This is an Analysis from GROK 3.0 about the claim that The Book of Mormon is not historical because of the so-called anachronism of “steel” in the book of mormon. Grok brought up the subject when talking with it about The Book of Mormon criticisms, so I asked a couple follow up questions.

If Lehi’s group left Jerusalem around 600 BC, they’d have come from a world where metalworking was well established. The Old World—specifically the Near East—had iron and even early forms of steel by then. The Philistines and Hittites were smelting iron centuries earlier, and by the late Iron Age, carburized iron (basically proto-steel) was showing up in weapons like swords and daggers. Archaeologists have found examples, like the iron swords from Canaanite sites or the Luristan bronzes, that show advanced metallurgy. So, it’s totally plausible that Nephi and company could’ve brought steel or steel-like weapons with them when they crossed the ocean. The text mentions Nephi’s bow of “fine steel” (1 Nephi 16:18), which could nod to something like a composite bow with metal reinforcement—a known tech in the ancient Near East.

Once they’re in the Americas, though, making more “steel” gets dicier. They wouldn’t have had the infrastructure—forges, charcoal, the whole setup—to replicate Old World steel production. But they didn’t need to be metallurgical experts.
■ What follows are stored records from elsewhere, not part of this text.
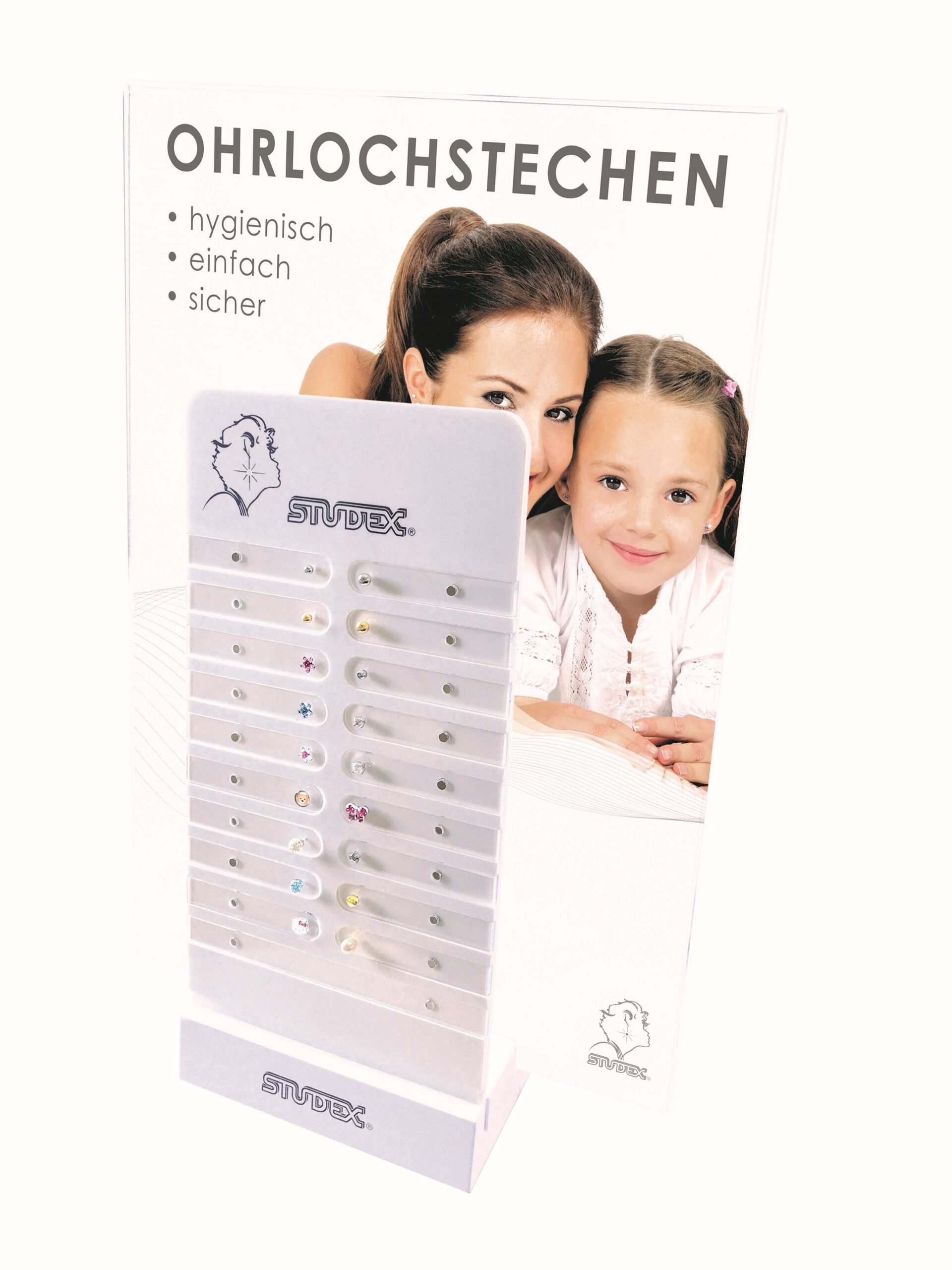<br /><br />Studex System 75 Display "Peggy" mit 18 Ohrsteckern (Bestseller) auf herausnehmbaren transparenten Kunststoffträgern, A4-Display, Spiegel und Bodenplatte.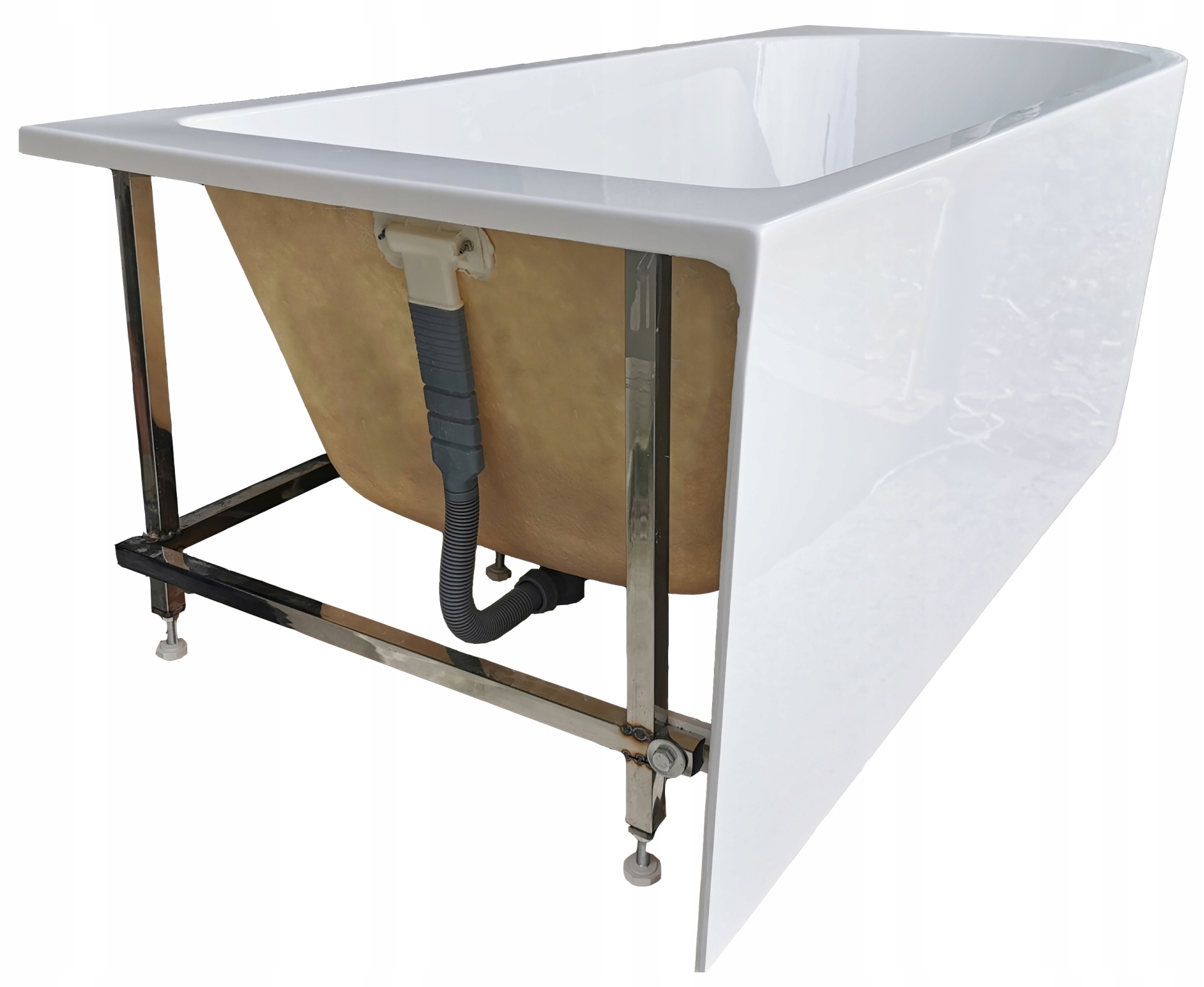 Висока якість використовуваних матеріалів гарантує безпроблемне використання ванни протягом багатьох років. Ванна виготовлена з високоякісного санітарного акрилу, стійкого до подряпин і зміни кольору. У комплект також входить злив з хромованою латунною пробкою клік-клак і сифон. Ванна встановлена на міцному металевому каркасі, з системою регульованих ніжок.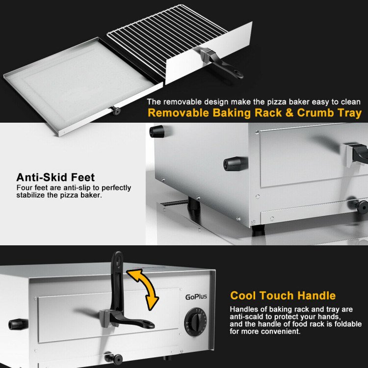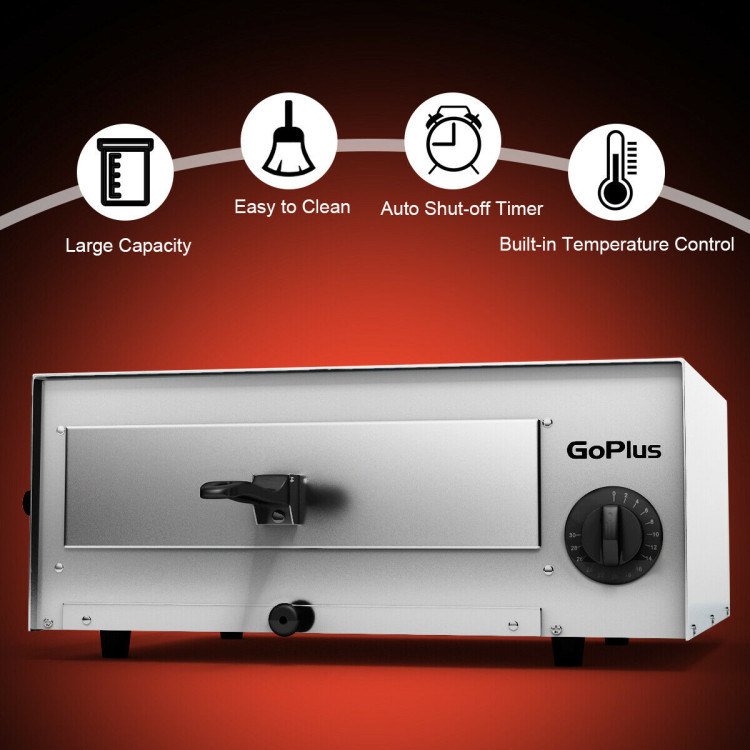 3.Auto Shut-off Timer: You can set different baking times according to different foods. Baking time can be set between 8-12 minutes based on crust size, topping and personal set. The timer will shut off after the set time.
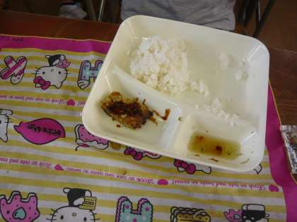 おかわりする子どももいて、すべてのおかず、ごはん、牛乳を完食しました。

If they brought knowledge of hardening metal or even just kept using the term “steel” for something close enough—like a tough iron alloy or a well-crafted weapon—it could stick in their language. Ancient peoples often reused familiar terms for new realities. The Hebrew word barzel (iron) in the Old Testament sometimes covers a range of hard metals, not just pure iron. So, calling a weapon “steel” in the Nephite record might’ve been a practical carryover, not a technical spec sheet.

Then there’s Joseph Smith’s role. Translating an ancient text into 1820s English, he’s got to bridge a huge gap. “Steel” in his day meant a strong, sharp metal—close enough to what an ancient weapon might’ve been, even if the original term was vaguer. The Book of Mormon itself says it’s written in “reformed Egyptian” and abridged by Mormon, then rendered into English via Smith’s process. If the plates said something like “hard metal sword” in a script Nephi adapted from Hebrew or Egyptian, Smith might’ve picked “steel” to convey the idea to his audience. It’s like how the King James Bible uses “brass” for what we’d now call bronze—translation isn’t always literal, it’s interpretive.

This angle dodges the anachronism trap pretty neatly. No need for blast furnaces in Mesoamerica—just a group of exiles carrying Old World tech and terminology, filtered through a 19th-century lens. It’s not proof, but it’s a coherent explanation. Critics might still say it’s convenient, but it fits the text’s own logic.